When used as Robot Screener, the model may act as a second reviewer in dual-review workflows. While this can significantly accelerate screening, it increases reliance on automated predictions.
Best practice is to:
- Monitor model performance metrics
- Validate screening outcomes
- Use human adjudication where disagreements occur
Limitations #
- Model accuracy depends on the number of screened records available for training.
- Early-stage reviews may not provide sufficient training data for strong performance.
- Abstract-only information may not fully capture eligibility criteria.
- Missing metadata may reduce prediction reliability.

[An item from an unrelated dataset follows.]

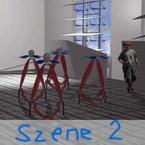 Idee :    Die Rauminstallation "Hunger" besteht aus mehreren autonom bewegten Lichtverspeisern und einer unter der Decke angebrachten Lichtinstallation. Die Lichtinstallation sorgt für im Raum wechselnde Lichtverhältnisse, wobei ein enger, durch den Raum wandernder Bereich intensiv beleuchtet wird. Hungrig nach diesem Licht folgen die Lichtverspeiser ihrer Energiequelle. Ohne diese Energie sind die Lichtverspeiser nur unbewegte Gestalten. Sie müssen warten, bis zufällig auf sie fallendes helles Licht ihnen wider Leben einhaucht. Im Ganzen entsteht eine Jagd nach den besten Plätzen für Leben. Gegen- und miteinander bewegen sich die Lichtverspeiser durch den Raum, ähnlich wie Lebewesen auf der Suche nach Nahrung.

- Precision is intentionally lower than recall, meaning the model may suggest inclusion of some irrelevant records.
Contact Information #
For questions, feedback, or support, please contact
support@nested-knowledge.com
PALISADE Compliance #
Purpose #
To assist literature screening during systematic reviews by estimating the probability that a record should be included or advanced based on patterns learned from prior screening decisions.
Appropriateness #
The Screening Model is appropriate for:
- Evidence synthesis workflows
- Systematic literature reviews
- Research prioritization tasks
It is not intended for clinical decision-making or diagnostic use.
Limitations #
- Predictions depend on patterns learned from reviewer behavior within a specific nest.

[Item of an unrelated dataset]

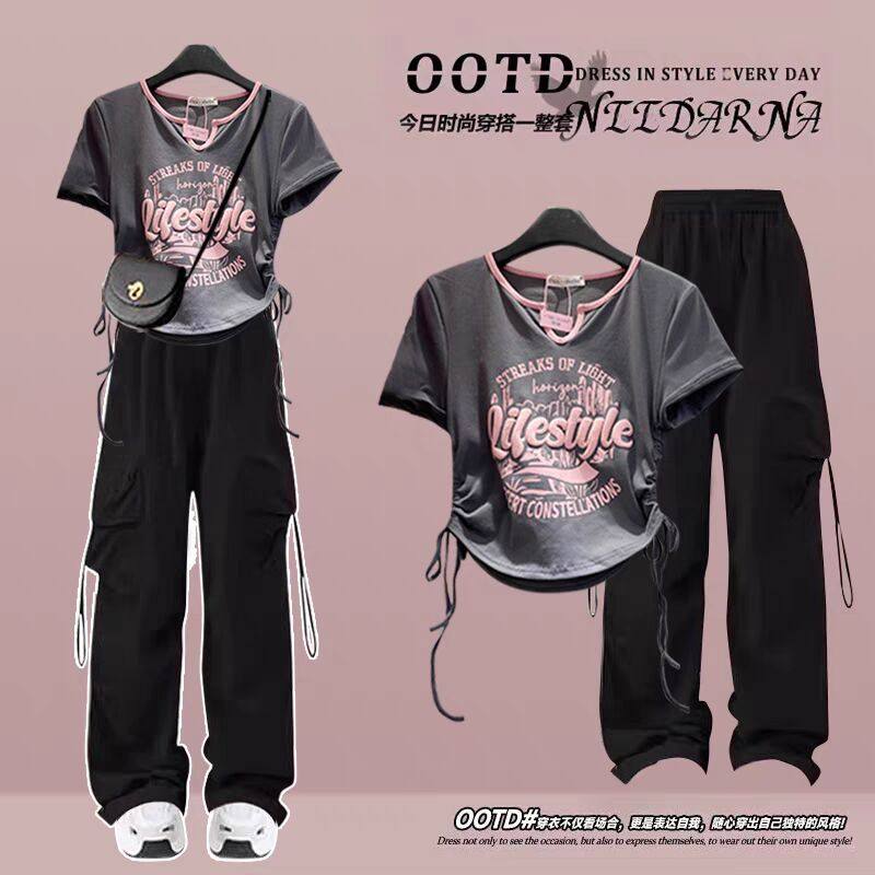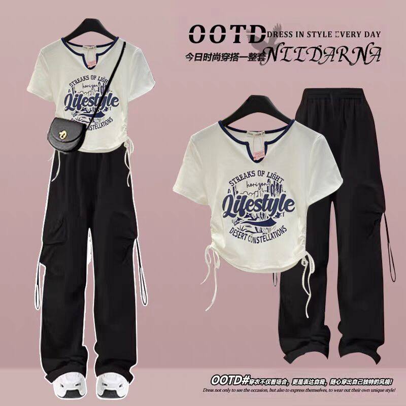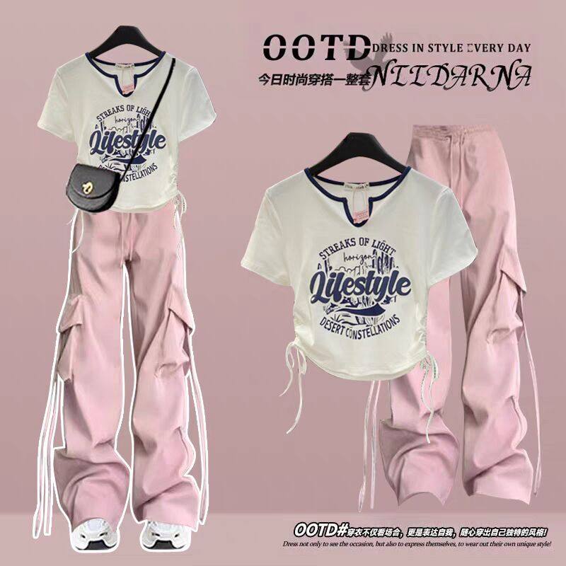 女童夏季工装裤套装2026新款潮酷正肩短袖中大童多巴胺运动两件套

- Performance improves as more records are screened.
- Automated screening workflows (e.g., Robot Screener) may introduce unreviewed errors if not monitored.
Implementation #
The Screening Model uses a gradient-boosted decision tree ensemble trained on screening decisions within each nest.
At a high level, the model evaluates records by asking a series of binary questions about their characteristics (e.g., metadata, textual features, citation signals). These decisions collectively produce a posterior probability of inclusion or advancement.

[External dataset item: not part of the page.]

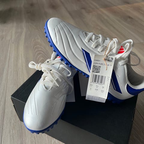 Adidas Copa Pure 2 Club TF J fotballsko i størrelse 36 2/3. Skoene har en hvit overdel med blå detaljer og er designet for bruk på kunstgress (TF - turf).

Model characteristics include:
- Gradient-boosted decision tree ensemble
- Logistic loss optimization
- Cross-validation–based hyperparameter tuning
- SMOTE oversampling to address class imbalance
- Per-nest model training
Training begins once the following thresholds are met:
- 50 screened records
- 10 included or advanced records
After training, the model may update automatically as additional screening decisions are made.
Sensitivity and Specificity #
The Screening Model is designed to prioritize high recall (sensitivity) over precision.
This design reflects the asymmetric cost of screening errors:
- False exclusions (missing a relevant study) are highly costly.
- False inclusions can be corrected later during downstream review stages.
Typical performance characteristics include:
- Recall typically between 0.75–0.80
- Precision typically between 0.40–0.45
- AUC around 0.88
Algorithm Characteristics #
- Gradient-boosted decision tree ensemble
- Probabilistic prediction of inclusion or advancement
- Trained on reviewer decisions within each nest
- Cross-validation–based performance evaluation
- Class imbalance correction via SMOTE
The model is deterministic once trained but continuously updated as new screening data becomes available.
Data Characteristics #
The model processes data derived from records within the nest, including:
- Bibliographic metadata
- Abstract text
- Keyword and descriptor fields
- Citation metrics
- Text embeddings
- Derived linguistic features (n-grams)
Records may contain incomplete metadata; missing values are imputed during training.
Explainability #
The Screening Model provides transparency through:
- Probability scores representing likelihood of inclusion or advancement
- Cross-validation performance metrics
These outputs allow reviewers to:
- Assess model reliability
- Monitor screening progress
- Identify high-relevance records
Model predictions should be interpreted as decision-support signals rather than definitive screening decisions.
Additional Notes on Compliance #
The Screening Model operates only on user-provided records within a nest and does not retain content beyond the review workflow.
Because the model learns from reviewer behavior and dataset characteristics, performance may vary between reviews. Human oversight remains essential to ensure that relevant studies are not inadvertently excluded.